(EXERCISE DETAILS) Look through the entries below for the line with "Die Anhänger sind" and the line with "inzet voor duurzaamheid.", then give again exactly those two lines and all lines between them, minus the pictures.

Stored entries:
^^^^^^^^^^^^^^^^

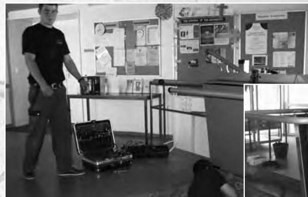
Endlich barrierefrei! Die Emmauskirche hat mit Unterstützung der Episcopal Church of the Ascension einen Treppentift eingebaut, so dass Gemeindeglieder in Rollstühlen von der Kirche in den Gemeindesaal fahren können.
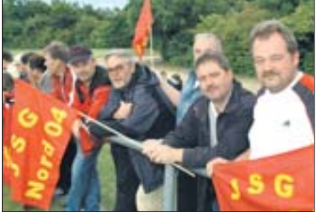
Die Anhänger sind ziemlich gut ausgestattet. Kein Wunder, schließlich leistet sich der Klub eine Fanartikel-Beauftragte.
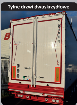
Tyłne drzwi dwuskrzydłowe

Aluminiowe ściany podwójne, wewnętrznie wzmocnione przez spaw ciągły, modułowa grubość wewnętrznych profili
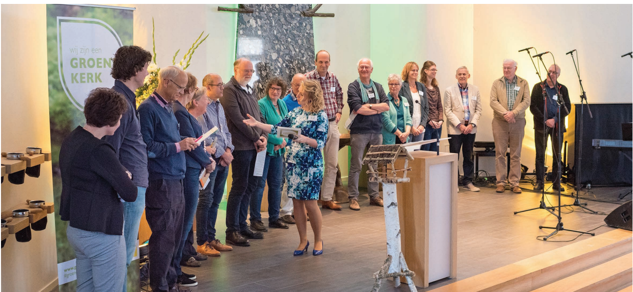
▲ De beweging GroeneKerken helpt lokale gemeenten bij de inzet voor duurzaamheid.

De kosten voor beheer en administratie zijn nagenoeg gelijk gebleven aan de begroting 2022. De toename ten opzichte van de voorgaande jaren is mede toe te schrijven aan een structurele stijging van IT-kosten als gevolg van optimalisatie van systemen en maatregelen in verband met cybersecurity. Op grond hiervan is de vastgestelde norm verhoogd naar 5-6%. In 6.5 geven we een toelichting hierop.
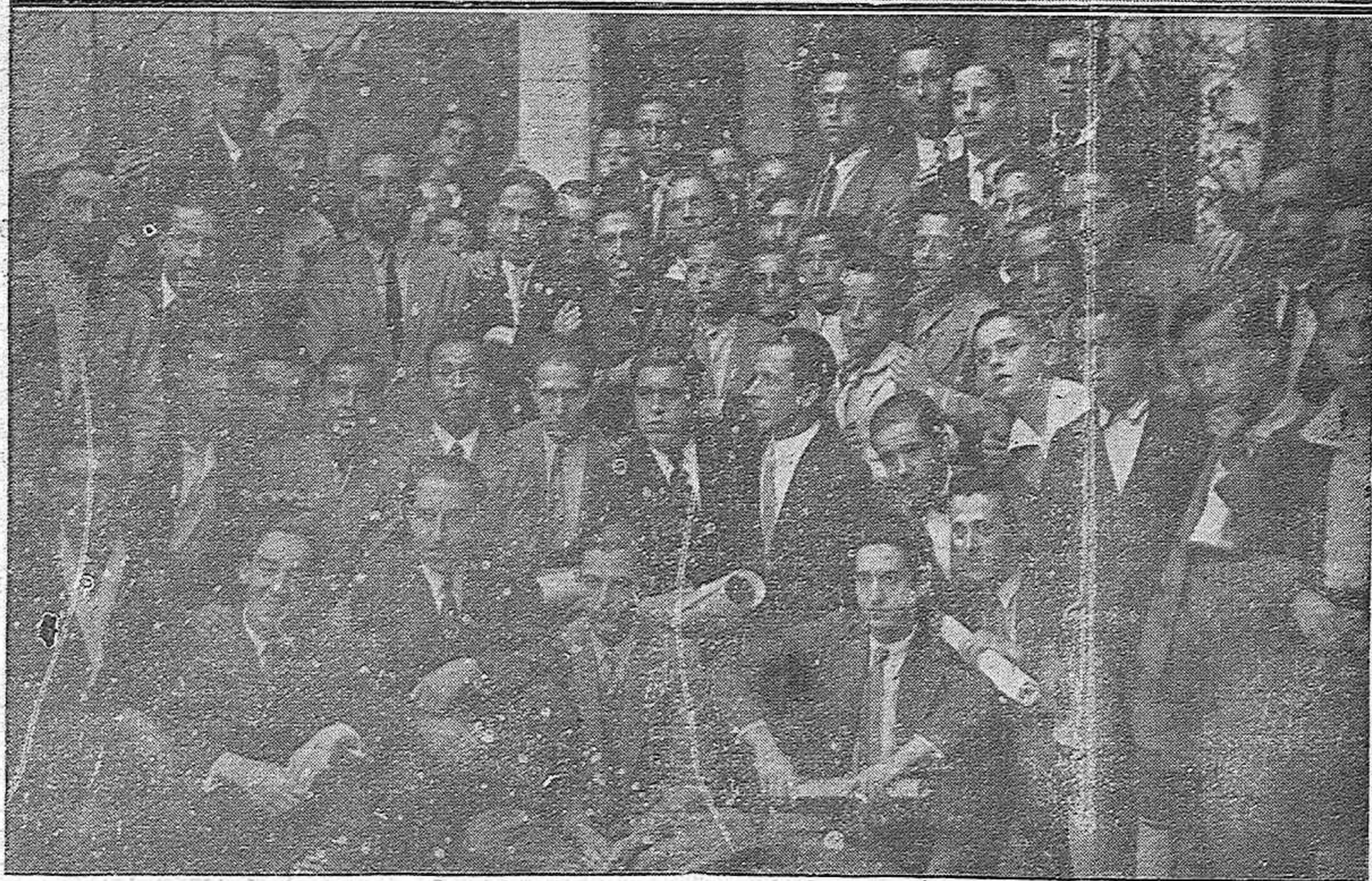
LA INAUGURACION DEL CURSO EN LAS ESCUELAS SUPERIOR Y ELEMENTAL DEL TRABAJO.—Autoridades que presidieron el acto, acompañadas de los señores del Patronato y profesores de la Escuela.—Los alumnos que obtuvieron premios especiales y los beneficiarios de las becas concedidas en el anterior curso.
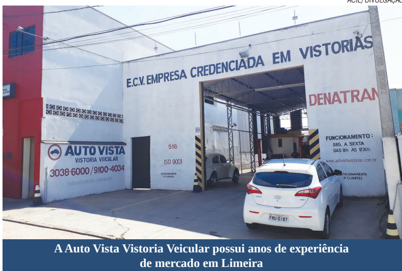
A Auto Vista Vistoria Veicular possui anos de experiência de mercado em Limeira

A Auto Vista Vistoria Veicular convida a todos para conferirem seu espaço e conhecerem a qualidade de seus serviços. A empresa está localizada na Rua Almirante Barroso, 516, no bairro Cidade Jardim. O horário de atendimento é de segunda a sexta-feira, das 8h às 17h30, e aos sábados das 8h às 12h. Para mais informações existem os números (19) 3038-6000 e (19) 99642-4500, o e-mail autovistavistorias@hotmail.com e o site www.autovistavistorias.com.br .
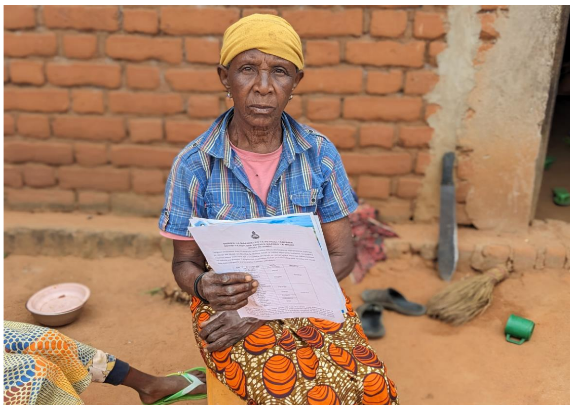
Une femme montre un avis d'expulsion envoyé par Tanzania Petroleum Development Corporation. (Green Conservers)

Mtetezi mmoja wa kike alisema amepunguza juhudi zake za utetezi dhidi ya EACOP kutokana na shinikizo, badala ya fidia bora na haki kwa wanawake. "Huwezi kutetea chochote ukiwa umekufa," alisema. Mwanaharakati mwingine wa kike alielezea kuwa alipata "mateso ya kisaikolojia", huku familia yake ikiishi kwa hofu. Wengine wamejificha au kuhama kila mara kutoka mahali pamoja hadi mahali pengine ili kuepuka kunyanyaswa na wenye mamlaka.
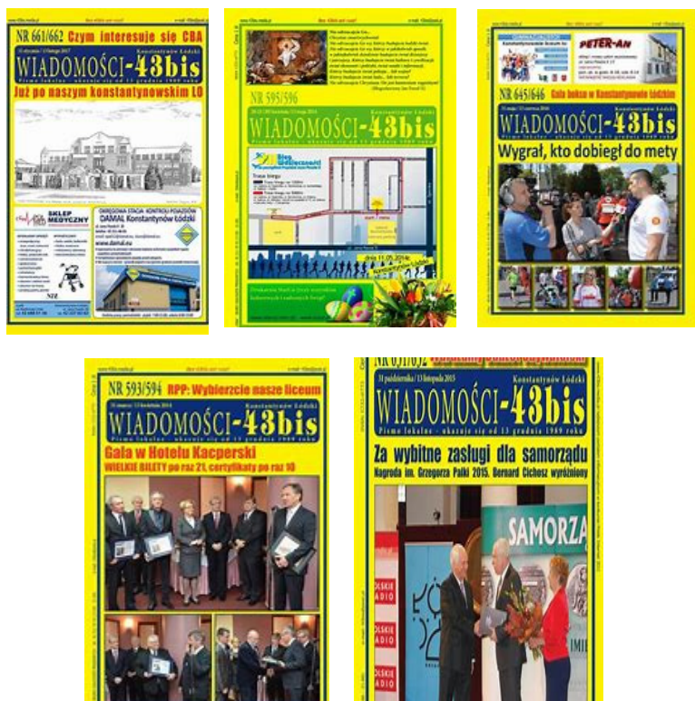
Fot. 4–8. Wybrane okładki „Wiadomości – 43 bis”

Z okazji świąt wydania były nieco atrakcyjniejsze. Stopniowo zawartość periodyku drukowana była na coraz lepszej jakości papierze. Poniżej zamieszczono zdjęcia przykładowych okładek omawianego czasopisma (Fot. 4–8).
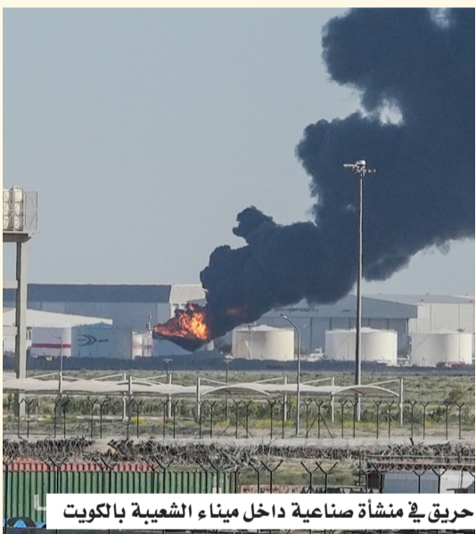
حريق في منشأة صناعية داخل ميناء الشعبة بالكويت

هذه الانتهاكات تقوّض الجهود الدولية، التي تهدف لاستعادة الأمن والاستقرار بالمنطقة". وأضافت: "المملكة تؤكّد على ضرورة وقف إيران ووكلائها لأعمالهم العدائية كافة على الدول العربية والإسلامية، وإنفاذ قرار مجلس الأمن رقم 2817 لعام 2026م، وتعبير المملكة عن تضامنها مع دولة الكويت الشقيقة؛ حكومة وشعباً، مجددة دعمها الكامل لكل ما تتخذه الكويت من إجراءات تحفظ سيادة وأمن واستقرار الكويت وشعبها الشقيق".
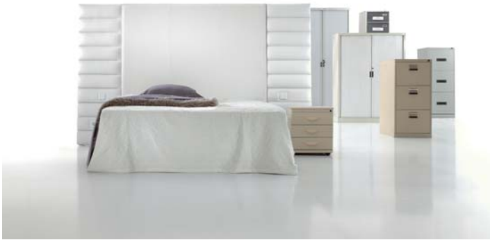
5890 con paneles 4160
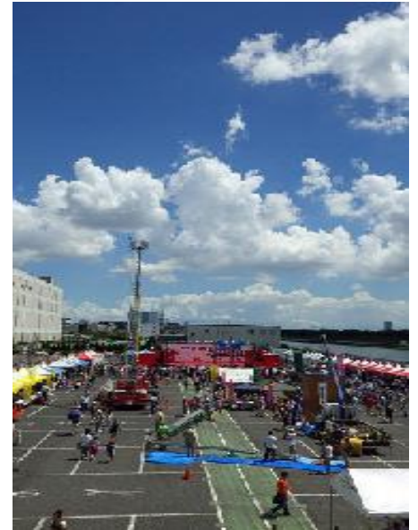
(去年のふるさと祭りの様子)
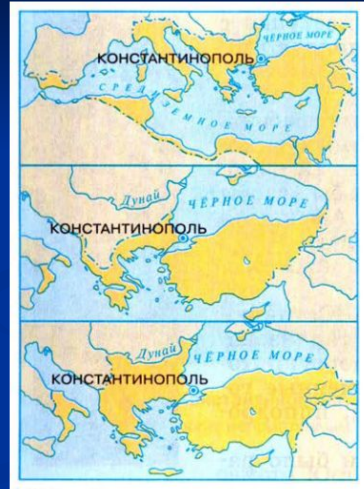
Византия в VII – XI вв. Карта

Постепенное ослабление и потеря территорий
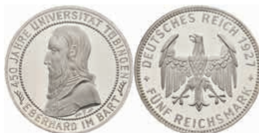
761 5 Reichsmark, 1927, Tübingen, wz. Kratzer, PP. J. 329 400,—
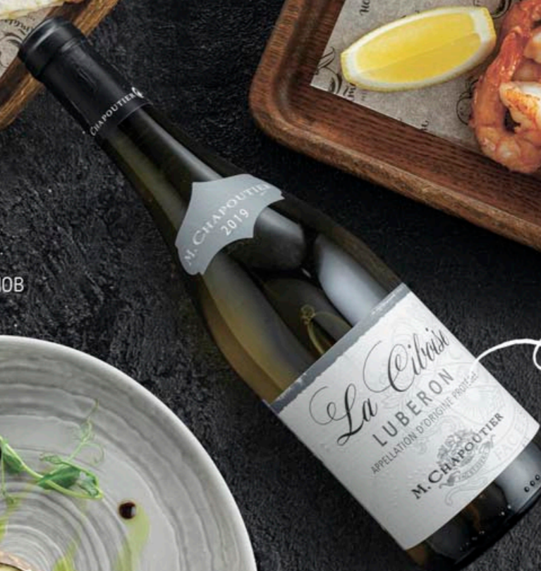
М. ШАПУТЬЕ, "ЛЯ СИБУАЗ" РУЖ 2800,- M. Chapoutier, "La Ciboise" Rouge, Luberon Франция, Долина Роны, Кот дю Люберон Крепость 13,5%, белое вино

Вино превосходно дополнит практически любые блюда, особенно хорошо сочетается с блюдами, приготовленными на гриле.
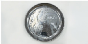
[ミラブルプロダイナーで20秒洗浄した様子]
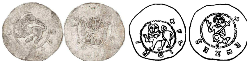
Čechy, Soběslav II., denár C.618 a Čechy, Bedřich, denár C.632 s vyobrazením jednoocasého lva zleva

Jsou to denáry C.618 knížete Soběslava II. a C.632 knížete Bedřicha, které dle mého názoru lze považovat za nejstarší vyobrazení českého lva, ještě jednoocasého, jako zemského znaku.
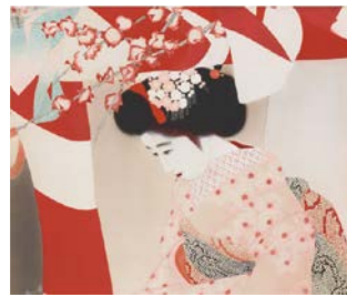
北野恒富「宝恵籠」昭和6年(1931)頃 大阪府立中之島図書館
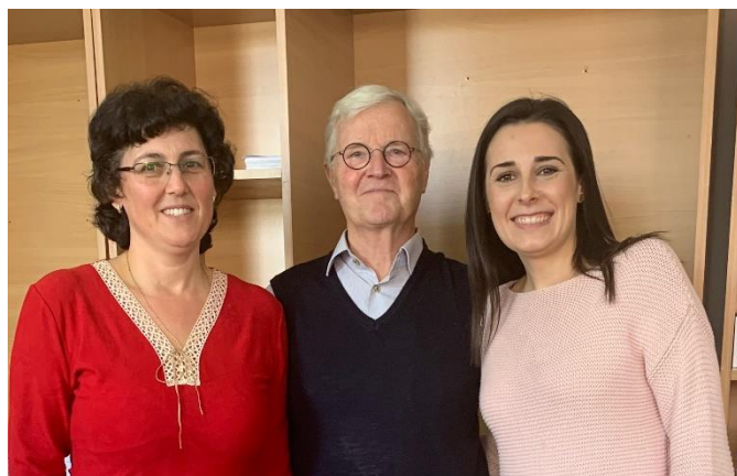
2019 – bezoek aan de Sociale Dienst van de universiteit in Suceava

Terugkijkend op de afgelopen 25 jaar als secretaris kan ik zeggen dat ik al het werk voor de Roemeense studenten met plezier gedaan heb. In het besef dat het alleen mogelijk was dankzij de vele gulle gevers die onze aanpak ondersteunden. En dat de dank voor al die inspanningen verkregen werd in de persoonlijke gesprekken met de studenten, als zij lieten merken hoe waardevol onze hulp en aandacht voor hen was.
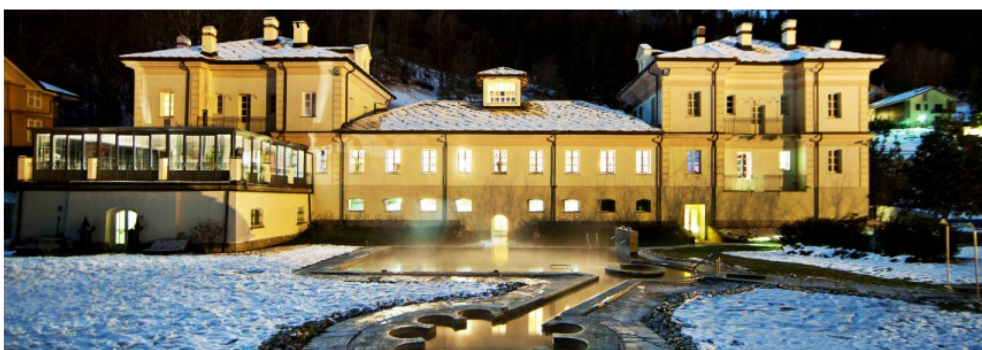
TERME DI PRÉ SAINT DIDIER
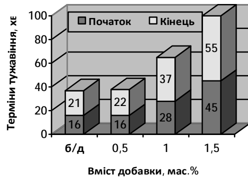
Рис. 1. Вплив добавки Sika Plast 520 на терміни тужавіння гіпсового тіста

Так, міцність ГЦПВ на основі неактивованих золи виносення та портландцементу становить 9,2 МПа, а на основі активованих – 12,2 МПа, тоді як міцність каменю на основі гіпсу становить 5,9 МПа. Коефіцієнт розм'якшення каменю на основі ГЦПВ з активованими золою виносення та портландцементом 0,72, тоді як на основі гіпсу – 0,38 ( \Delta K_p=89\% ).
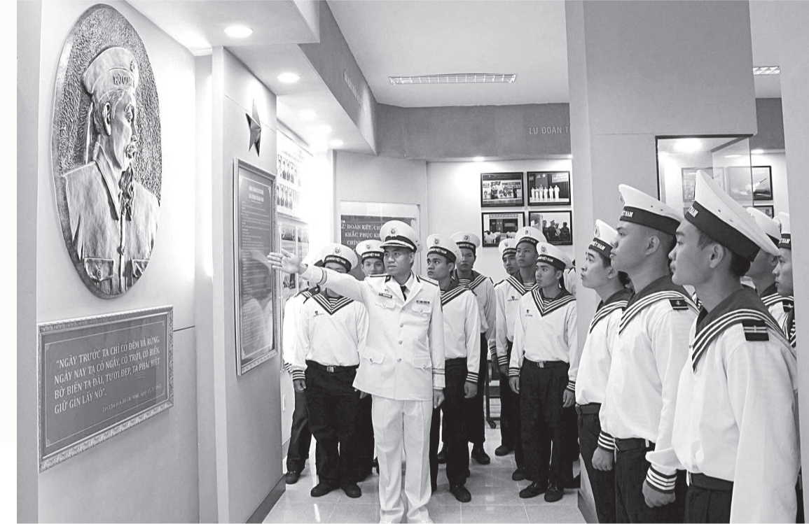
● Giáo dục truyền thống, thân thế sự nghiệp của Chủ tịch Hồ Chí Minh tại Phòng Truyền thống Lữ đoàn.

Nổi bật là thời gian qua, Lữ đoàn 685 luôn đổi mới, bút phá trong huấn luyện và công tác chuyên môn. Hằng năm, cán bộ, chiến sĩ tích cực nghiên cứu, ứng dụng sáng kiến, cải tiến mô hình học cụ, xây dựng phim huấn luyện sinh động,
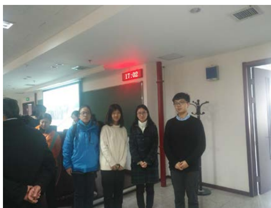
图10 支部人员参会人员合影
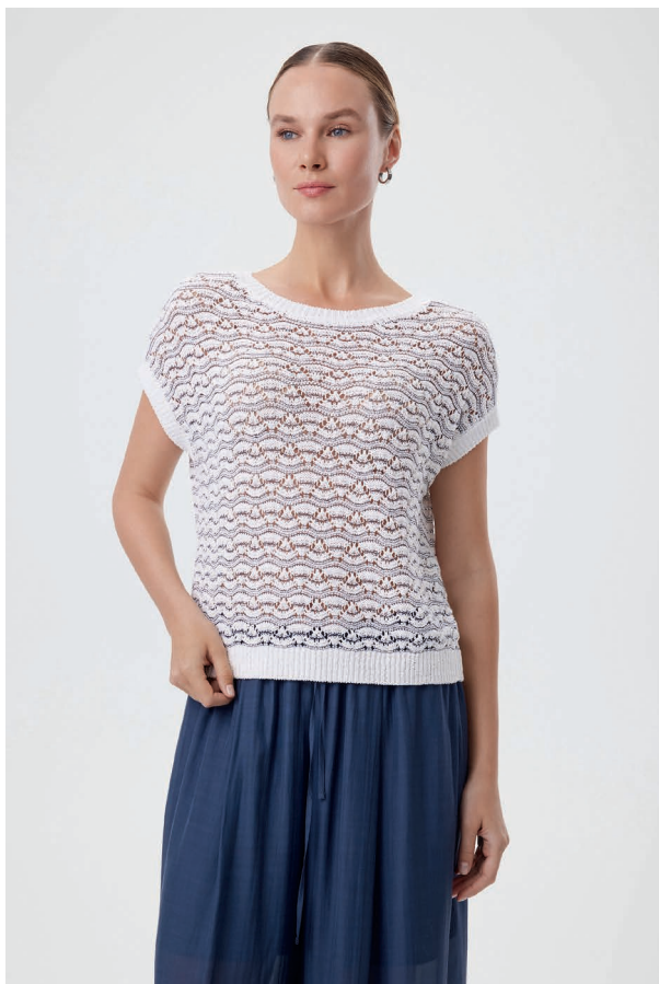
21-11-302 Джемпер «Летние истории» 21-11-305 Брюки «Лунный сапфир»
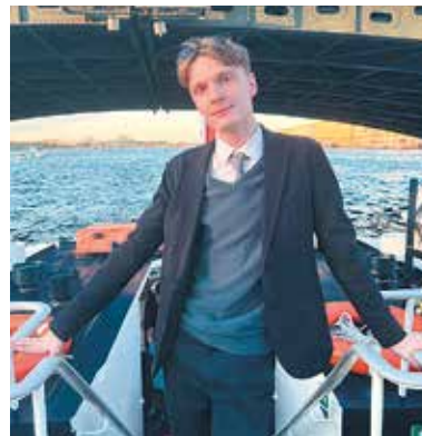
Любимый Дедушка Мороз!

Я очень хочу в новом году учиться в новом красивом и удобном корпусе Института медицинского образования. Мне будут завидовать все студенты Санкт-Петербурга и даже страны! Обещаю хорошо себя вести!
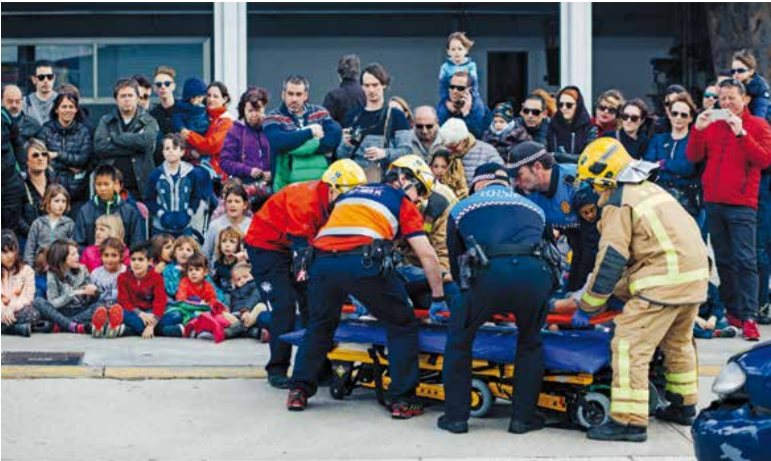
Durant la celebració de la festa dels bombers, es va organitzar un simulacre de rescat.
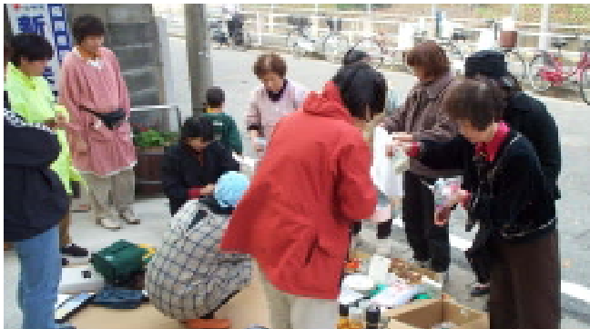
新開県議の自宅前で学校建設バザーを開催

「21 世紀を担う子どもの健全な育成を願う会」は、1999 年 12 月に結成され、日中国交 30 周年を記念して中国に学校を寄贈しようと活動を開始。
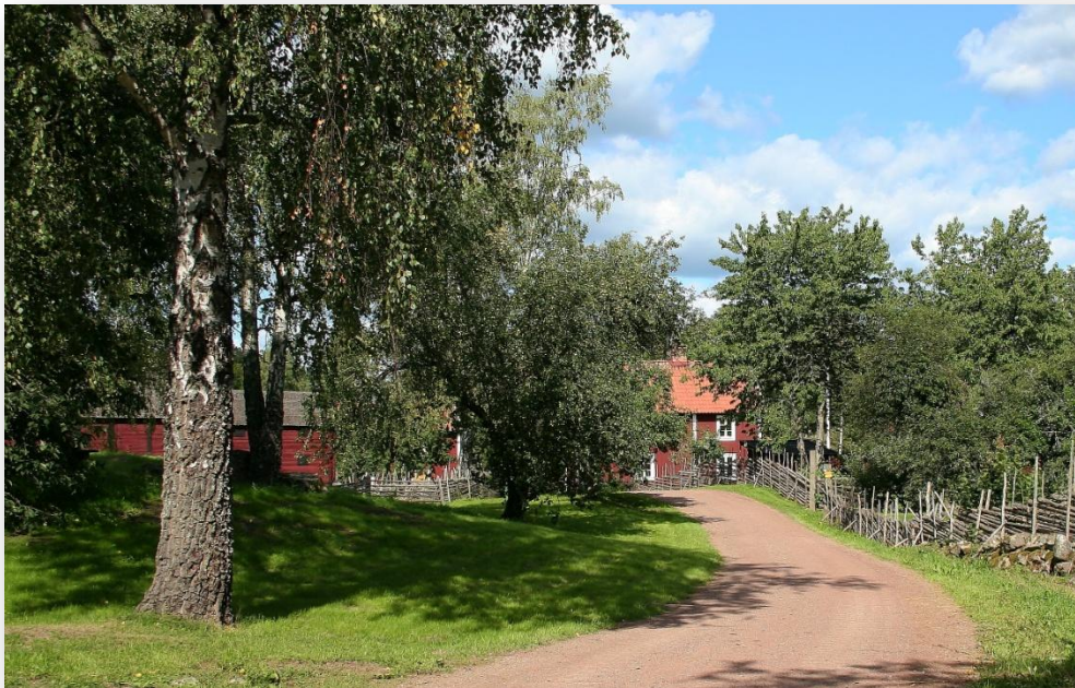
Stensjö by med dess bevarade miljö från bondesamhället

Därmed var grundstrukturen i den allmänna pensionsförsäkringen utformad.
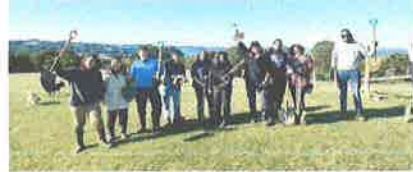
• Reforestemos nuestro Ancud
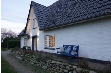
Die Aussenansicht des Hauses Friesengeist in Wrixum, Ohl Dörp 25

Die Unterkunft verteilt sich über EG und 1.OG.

^^^^^^^^^^^^^^^^

(EXERCISE SOLUTION)
Die Anhänger sind ziemlich gut ausgestattet. Kein Wunder, schließlich leistet sich der Klub eine Fanartikel-Beauftragte.
Tyłne drzwi dwuskrzydłowe

Aluminiowe ściany podwójne, wewnętrznie wzmocnione przez spaw ciągły, modułowa grubość wewnętrznych profili
▲ De beweging GroeneKerken helpt lokale gemeenten bij de inzet voor duurzaamheid.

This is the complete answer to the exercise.